Reasoning to Learn from Latent Thoughts (2503.18866v1)
Abstract: Compute scaling for LLM (LM) pretraining has outpaced the growth of human-written texts, leading to concerns that data will become the bottleneck to LM scaling. To continue scaling pretraining in this data-constrained regime, we propose that explicitly modeling and inferring the latent thoughts that underlie the text generation process can significantly improve pretraining data efficiency. Intuitively, our approach views web text as the compressed final outcome of a verbose human thought process and that the latent thoughts contain important contextual knowledge and reasoning steps that are critical to data-efficient learning. We empirically demonstrate the effectiveness of our approach through data-constrained continued pretraining for math. We first show that synthetic data approaches to inferring latent thoughts significantly improve data efficiency, outperforming training on the same amount of raw data (5.7\% $\rightarrow$ 25.4\% on MATH). Furthermore, we demonstrate latent thought inference without a strong teacher, where an LM bootstraps its own performance by using an EM algorithm to iteratively improve the capability of the trained LM and the quality of thought-augmented pretraining data. We show that a 1B LM can bootstrap its performance across at least three iterations and significantly outperform baselines trained on raw data, with increasing gains from additional inference compute when performing the E-step. The gains from inference scaling and EM iterations suggest new opportunities for scaling data-constrained pretraining.
Summary
- The paper demonstrates that augmenting LM pretraining with inferred latent thoughts can improve performance (e.g., math reasoning accuracy from 5.7% to 25.4%).
- The methodology leverages both synthetic data generation via a strong teacher model and an EM-based bootstrapping approach to extract intermediate reasoning steps.

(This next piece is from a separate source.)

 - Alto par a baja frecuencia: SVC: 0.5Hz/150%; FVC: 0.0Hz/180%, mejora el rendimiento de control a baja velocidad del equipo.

- The research highlights that increased computational investment during the inference (E-step) directly scales model capabilities in data-constrained settings.

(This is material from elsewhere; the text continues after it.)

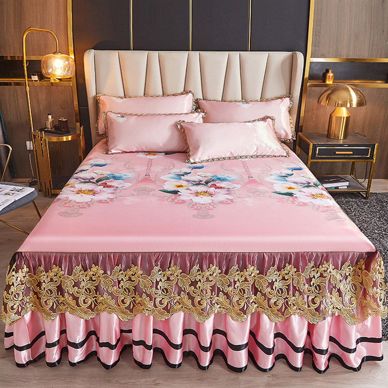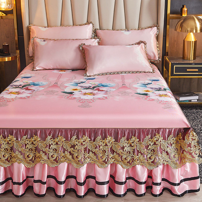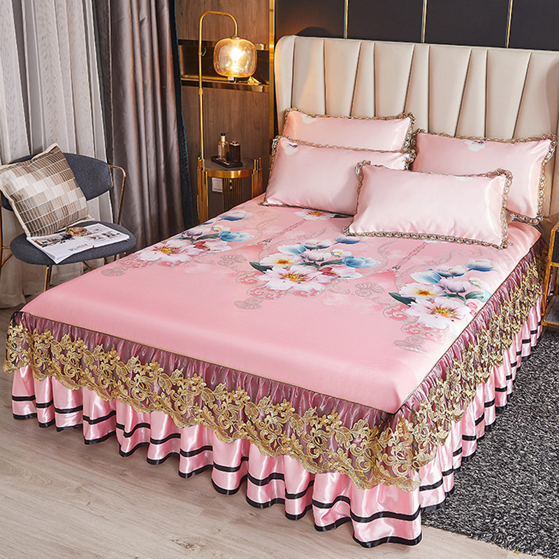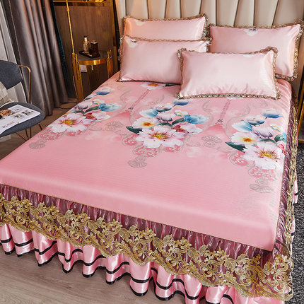 夏季冰丝凉席可水洗床裙款折叠夏天1.8m床罩双人空调软席子三件套

The paper "Reasoning to Learn from Latent Thoughts" (2503.18866) investigates methods to enhance LLM (LM) pretraining data efficiency, particularly in scenarios where high-quality human-written text is becoming a limiting factor for scaling. The central hypothesis is that observable text (e.g., web text) represents a compressed version of an underlying, more verbose human thought process. By explicitly modeling and inferring these "latent thoughts," which contain crucial contextual knowledge and reasoning steps, LMs can learn more effectively from the available data.
Methodology: Inferring and Leveraging Latent Thoughts
The core idea is to augment the pretraining data with inferred latent thoughts. The process treats the observed text x as the final output derived from a latent thought process z. The goal is to learn the model parameters θ by maximizing the likelihood of the observed data, potentially involving the latent variables: pθ(x)=∫pθ(x,z)dz. Instead of directly optimizing this intractable marginal likelihood, the paper proposes practical methods to approximate and leverage the latent thoughts z.
Two primary approaches are explored for inferring and utilizing these latent thoughts:
- Synthetic Data Generation with a Strong Teacher: This approach utilizes a powerful, pre-existing LM (like GPT-4) as a teacher model. Given an instance of observed text x (e.g., a math problem and its solution), the teacher model is prompted to generate the plausible latent thoughts z (e.g., intermediate reasoning steps, relevant theorems, failed attempts) that could have led to x. The original data instance x is then augmented with these synthetic thoughts z^ to form a richer training example (x,z^). The target LM is then trained on this augmented dataset. The intuition is that the verbose, step-by-step reasoning provided by the teacher model offers a more explicit learning signal than the compressed final text alone.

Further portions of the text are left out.